=== Begin Enclosure ===

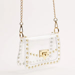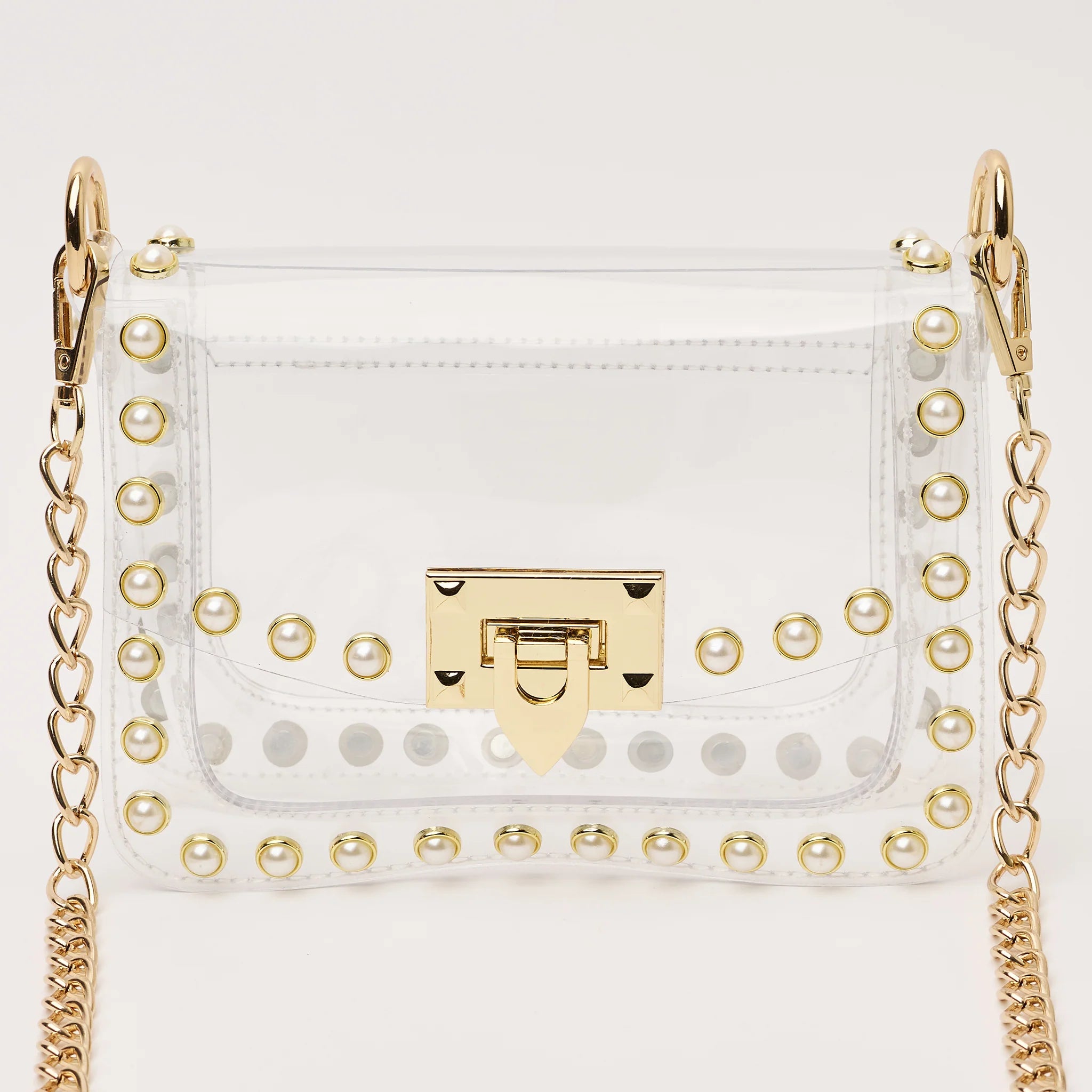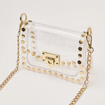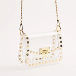 Score with the biggest winner in our clear handbag playbook - The Jackie! The Jackie changed the handbag game by proving clear handbags could be both functional and chic. This style includes pearl metal studs and a gold chain. The Jackie is NCAA and NFL compliant and the ideal size to hold your wallet, phone, keys, lip gloss and a few other small items.
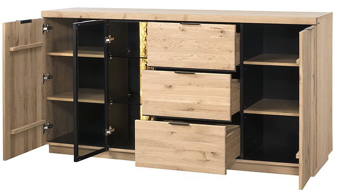 Αναβαθμίστε τη διακόσμηση του σπιτιού σας με τον κομψό και λειτουργικό μπουφέ Campania. Κατασκευασμένος από ξύλο δρυός υψηλής ποιότητας, αυτό το κομμάτι αποπνέει διαχρονική κομψότητα και ζεστασιά. Αυτό που κάνει τον μπουφέ Campania να διαφέρει, είναι το εντυπωσιακό κομμάτι ξύλου που φωταγωγείται πρόσθετωντας μια αίσθηση εκλεπτυσμού.
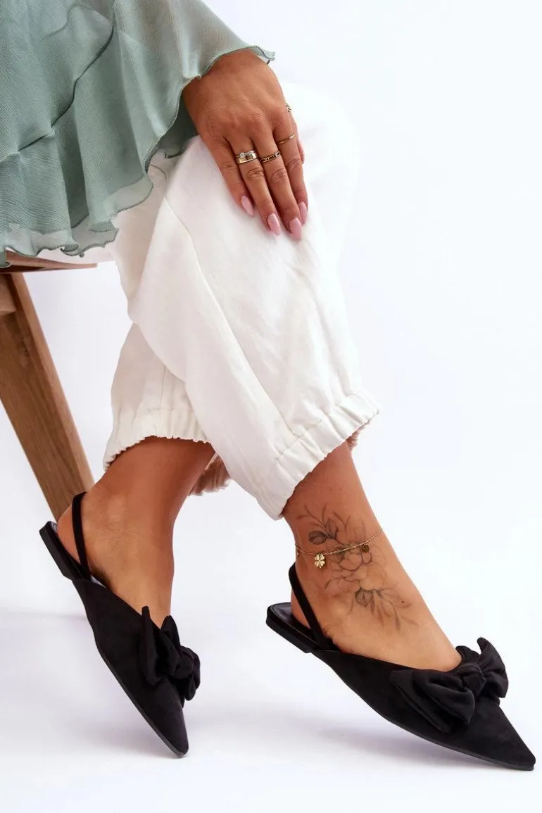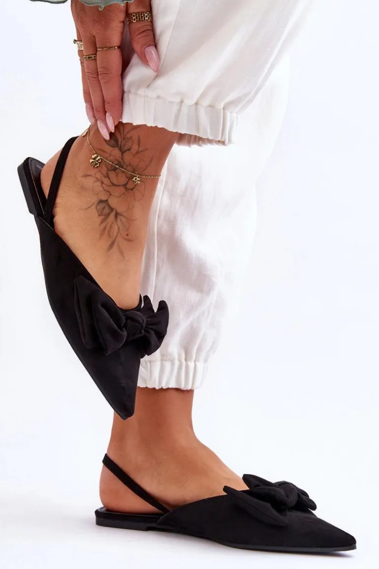 Damskie Wsuwane Baleriny Z Kokardą Czarne Nadine
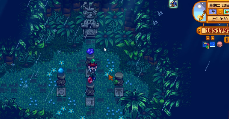 宝石祭坛位于姜岛(Ginger Island)的丛林区域,具体位置需要通过鹦鹉特快丛林传送点下方的隐藏通道进入。祭坛由四根石柱组成,分别对应红、紫、黄、绿四种颜色的宝石。激活祭坛需要在下雨天收集宝石鸟掉落的宝石,并按照方位摆放。

=== End Enclosure ===

Activity: Your reply should hold every line above exactly as written and none of the pictures.

Exercise output:
 Score with the biggest winner in our clear handbag playbook - The Jackie! The Jackie changed the handbag game by proving clear handbags could be both functional and chic. This style includes pearl metal studs and a gold chain. The Jackie is NCAA and NFL compliant and the ideal size to hold your wallet, phone, keys, lip gloss and a few other small items.
 Αναβαθμίστε τη διακόσμηση του σπιτιού σας με τον κομψό και λειτουργικό μπουφέ Campania. Κατασκευασμένος από ξύλο δρυός υψηλής ποιότητας, αυτό το κομμάτι αποπνέει διαχρονική κομψότητα και ζεστασιά. Αυτό που κάνει τον μπουφέ Campania να διαφέρει, είναι το εντυπωσιακό κομμάτι ξύλου που φωταγωγείται πρόσθετωντας μια αίσθηση εκλεπτυσμού.
 Damskie Wsuwane Baleriny Z Kokardą Czarne Nadine
 宝石祭坛位于姜岛(Ginger Island)的丛林区域,具体位置需要通过鹦鹉特快丛林传送点下方的隐藏通道进入。祭坛由四根石柱组成,分别对应红、紫、黄、绿四种颜色的宝石。激活祭坛需要在下雨天收集宝石鸟掉落的宝石,并按照方位摆放。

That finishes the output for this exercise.